--- Dataset extract Enclosed Below ---
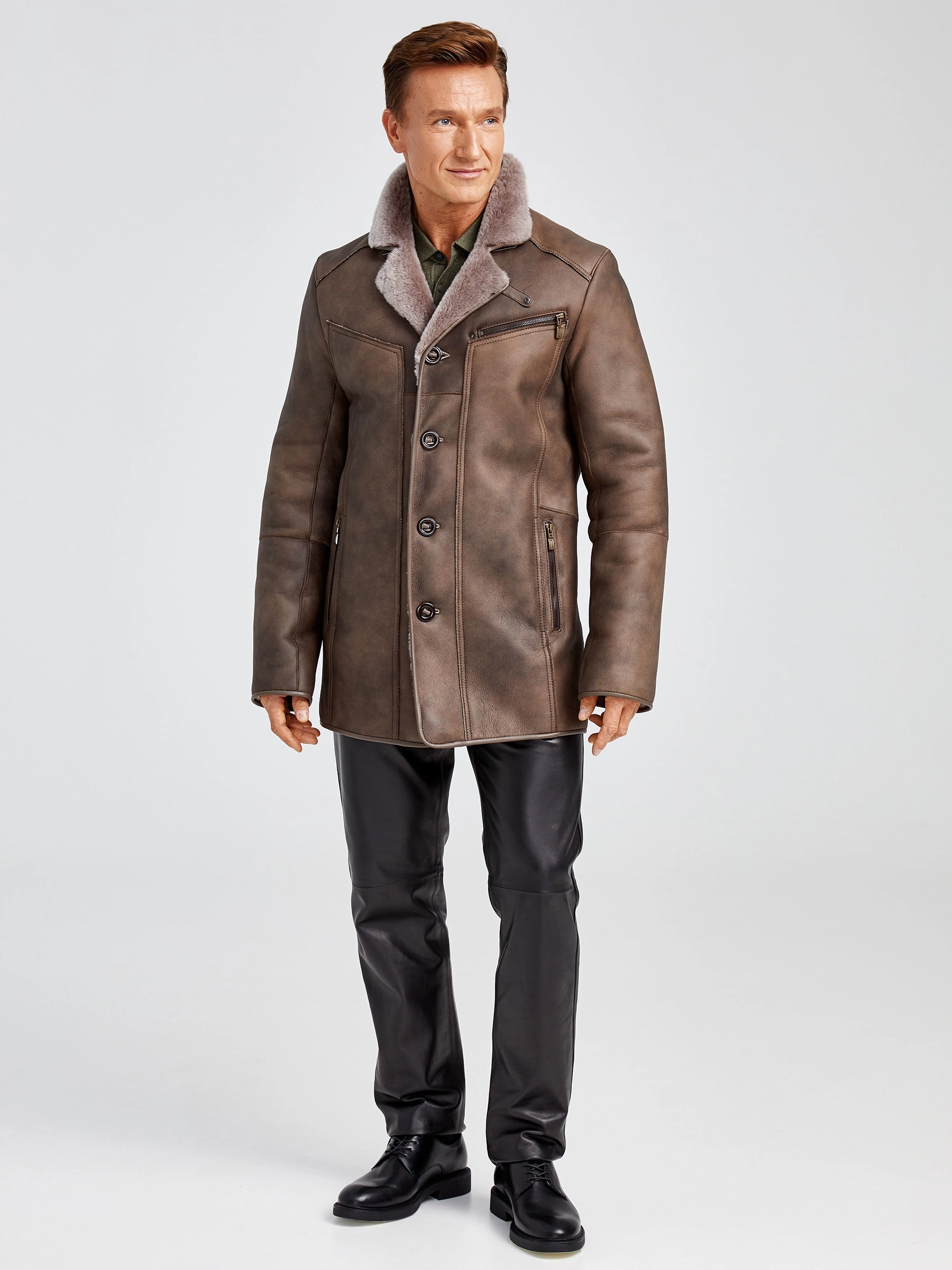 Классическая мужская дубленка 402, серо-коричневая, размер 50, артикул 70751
--- End of Enclosed Dataset extract ---
--- Dataset extract Enclosed Below ---
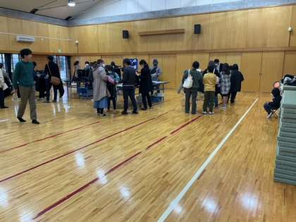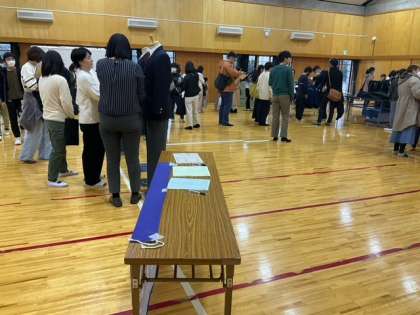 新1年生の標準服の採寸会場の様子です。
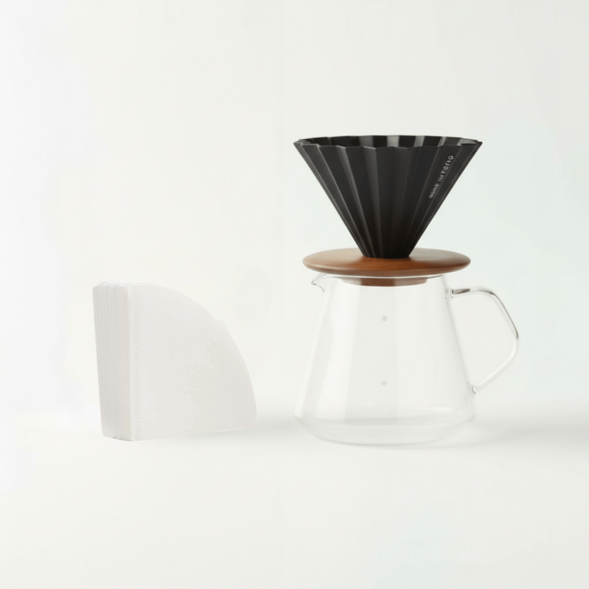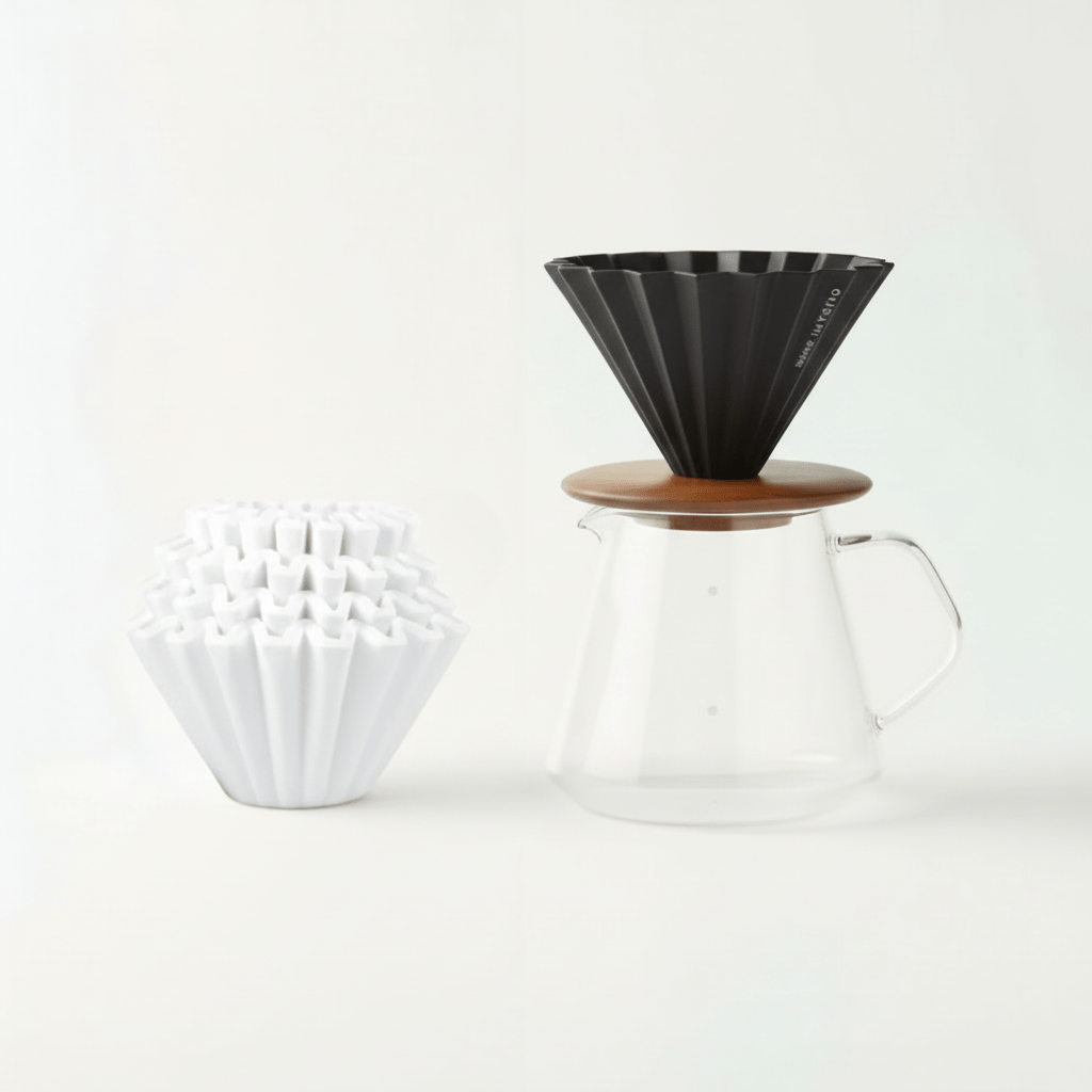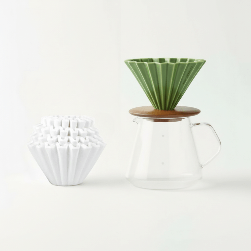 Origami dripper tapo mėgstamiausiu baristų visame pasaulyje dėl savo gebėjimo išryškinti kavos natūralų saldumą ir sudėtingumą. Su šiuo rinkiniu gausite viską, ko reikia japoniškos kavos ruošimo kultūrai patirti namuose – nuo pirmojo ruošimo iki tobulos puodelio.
--- End of Enclosed Dataset extract ---
Assigned task:
Leave out every picture, and copy exactly the lines above starting at the one holding "新1年生の標準服の採寸会場の様子です。" and ending at the one holding "Origami dripper tapo", no more and no less.

Solution:
 新1年生の標準服の採寸会場の様子です。
 Origami dripper tapo mėgstamiausiu baristų visame pasaulyje dėl savo gebėjimo išryškinti kavos natūralų saldumą ir sudėtingumą. Su šiuo rinkiniu gausite viską, ko reikia japoniškos kavos ruošimo kultūrai patirti namuose – nuo pirmojo ruošimo iki tobulos puodelio.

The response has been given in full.